Despite many of these cities experiencing a slump, they did not fade into obscurity. Since the start of the 21st century, many regional European cities have been reinventing themselves and revitalising their economies with their own strategic vision, technically skilled workforces, and governmental support. While capital cities will always be a vital entry point and centre for foreign investment, secondary and tertiary cities continue to garner more attention as they often offer an easier investment environment, with lower costs, state incentives, and simply more room to grow.
In response to a range of factors that seem to widen each day—such as rising geopolitical tensions, environmental pressures, and emerging industries—these once-thriving industrial cities are today well positioned to cater to Europe’s emerging demands and opportunities, and they know it.
Enter Ostrava: From “Steel Heart” to High-Tech
Ostrava, the Czech Republic’s third-largest city and capital of the Moravian-Silesian region, is a prime example of the transformation and growth capabilities of a former industrial stronghold.
In 1873, at the peak of the Industrial Revolution, Vítkovice Mining and Iron Corporation was founded in Ostrava by Salomon Meyer von Rothschild’s heirs. It was the largest coal and steel production site in the Austro-Hungarian Empire and remained strong throughout the turbulent 20th century, earning Ostrava the moniker “the steel heart” of the former Czechoslovakia.
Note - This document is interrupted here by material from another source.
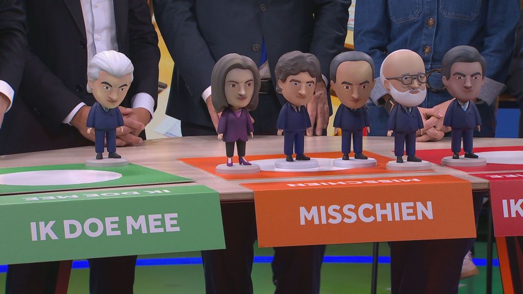Voor de speciale uitzending waren Geert Wilders (PVV), Frans Timmermans (Groenlinks-PvdA), Dilan Yesilgöz (VVD), Henri Bontenbal (CDA), Rob Jetten (D66) en Eddy van Hijum (NSC) uitgenodigd. “We hebben gekeken naar het aantal stoelen dat ze nu in de Tweede Kamer hebben en naar hoeveel stoelen ze na deze verkiezingen lijken te gaan krijgen”, vertelden presentatoren Joris Marseille en Milou Stoop.

As was the case at many other coal and steel production clusters, the 1990s brought change to Ostrava. New economic structures and environmental concerns caused the city’s coal and steel production to reel back significantly.
Rather than fade into economic irrelevance, Ostrava systematically evolved itself by building on its industrial heritage and fostering new economic ecosystems. Like many smaller European industrial cities, Ostrava became a place that “awaited its transformation,” as the city’s Deputy Mayor, Dr. Lucie Baránková Vilamová, puts it. “The positives were a strong industrial tradition and people who were used to working hard, but the main negative was the decline of heavy industry, which brought unemployment and created ecological problems,” she recalls.
A Successful Strategy
According to Vilamová Baránková, the initial step was leveraging incentives from the national government, which encouraged the cleanup of former industrial sites. This was followed by the creation of a strategic plan with an American development consultancy to advise the city on how to design and prompt its new economic growth.
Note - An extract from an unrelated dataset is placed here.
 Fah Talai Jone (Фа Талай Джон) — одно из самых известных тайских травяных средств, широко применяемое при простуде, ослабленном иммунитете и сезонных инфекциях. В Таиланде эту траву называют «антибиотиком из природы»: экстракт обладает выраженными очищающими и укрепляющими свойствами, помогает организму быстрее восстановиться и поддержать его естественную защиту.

The consultants suggested that the city undertake two projects, Petr Rumpel, Head of the Department of Human Geography and Regional Development at the University of Ostrava, explains. “The first was to establish an economic development department to work on attracting outside investors, and the second was to prepare building sites for new investors.”
At the same time, cleanup of some of the old industrial sites began, according to Vojtěch Peřka, Senior Business Developer, Central & North Moravian Region, for CTP. “Fortunately, the Czech government in the 1990s allocated a significant amount of funds and guarantees to those who first acquired brownfields,” he explains.
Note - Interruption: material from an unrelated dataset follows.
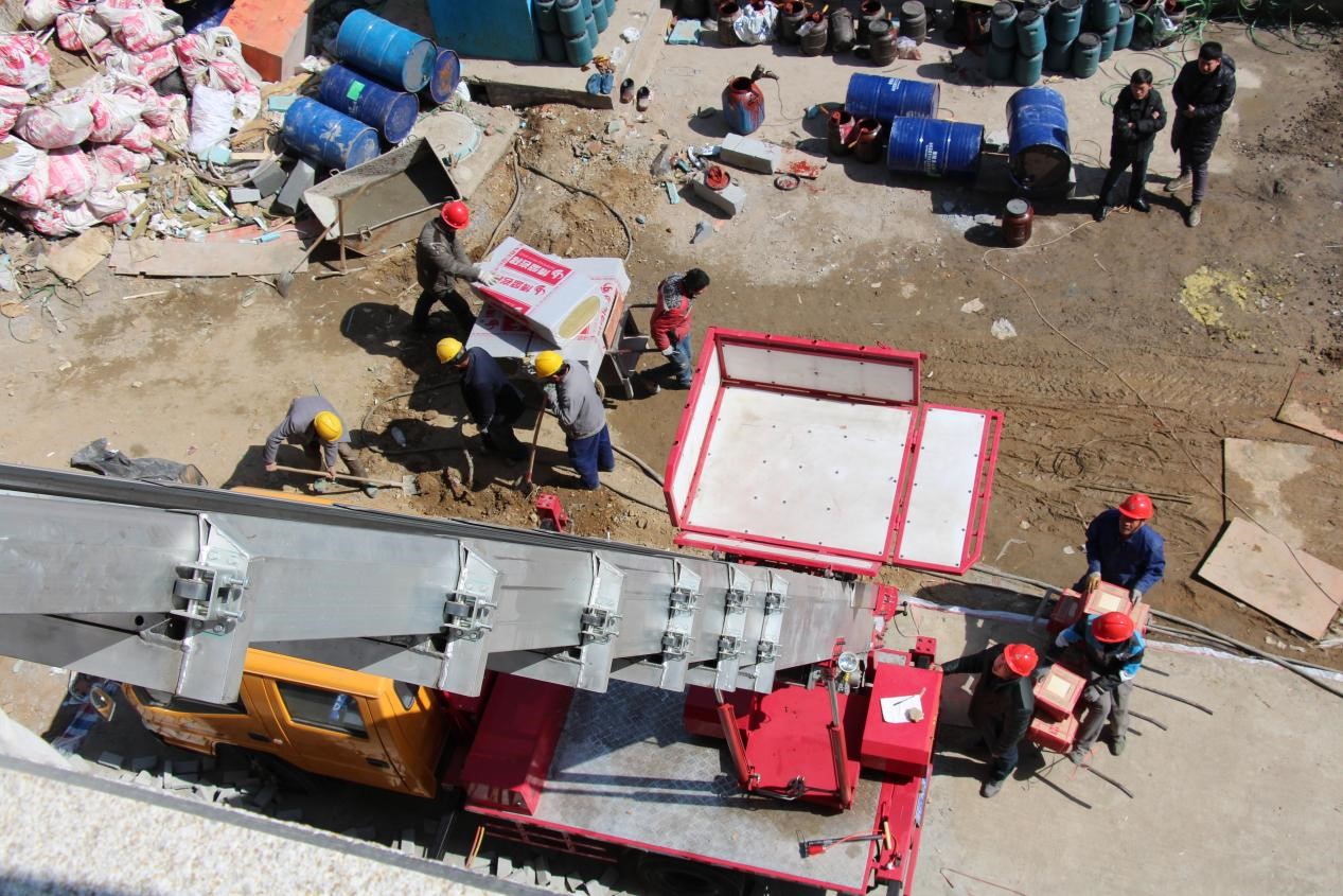 比起吊车等不稳定的摆动,高丽亚云梯车自卸料斗让上料更加便捷快速,节省时间和人工。另外,高丽亚单次载重400公斤,上下完成一次运送就只需1分钟,工作效率被极大地提升。

Ostrava’s universities began to retool as well. VŠB-TUO, for example, had previously specialised in mining. Today, its strengths include computer science, economics, and materials science and technology.
Gaining Traction Among Investors
“Ostrava really began to wake up around 2004,” says Baránková Vilamová. At that time, outside investors began to take stock of the city, and several major public commitments made a big difference in creating momentum. One in particular noted by Rumpel: Remon Vos, the founder of CTP, made an early move and invested in the southern part of the city.
With investor interest on the rise, Ostrava succeeded in attracting several big-name foreign companies to the city, most notably Hyundai, which built an assembly plant in nearby Nošovice that employs 3,000 people, followed by the Korean carmaker’s tier-1 suppliers, which have created another 7,000 jobs.
“The arrival of Hyundai and the range of companies supplying components to the Hyundai plant completely transformed the region. Previously reliant on coal mining and steelmaking, it became a region where the largest share of GDP and the labour market was connected with the automotive industry,” says Baránková Vilamová.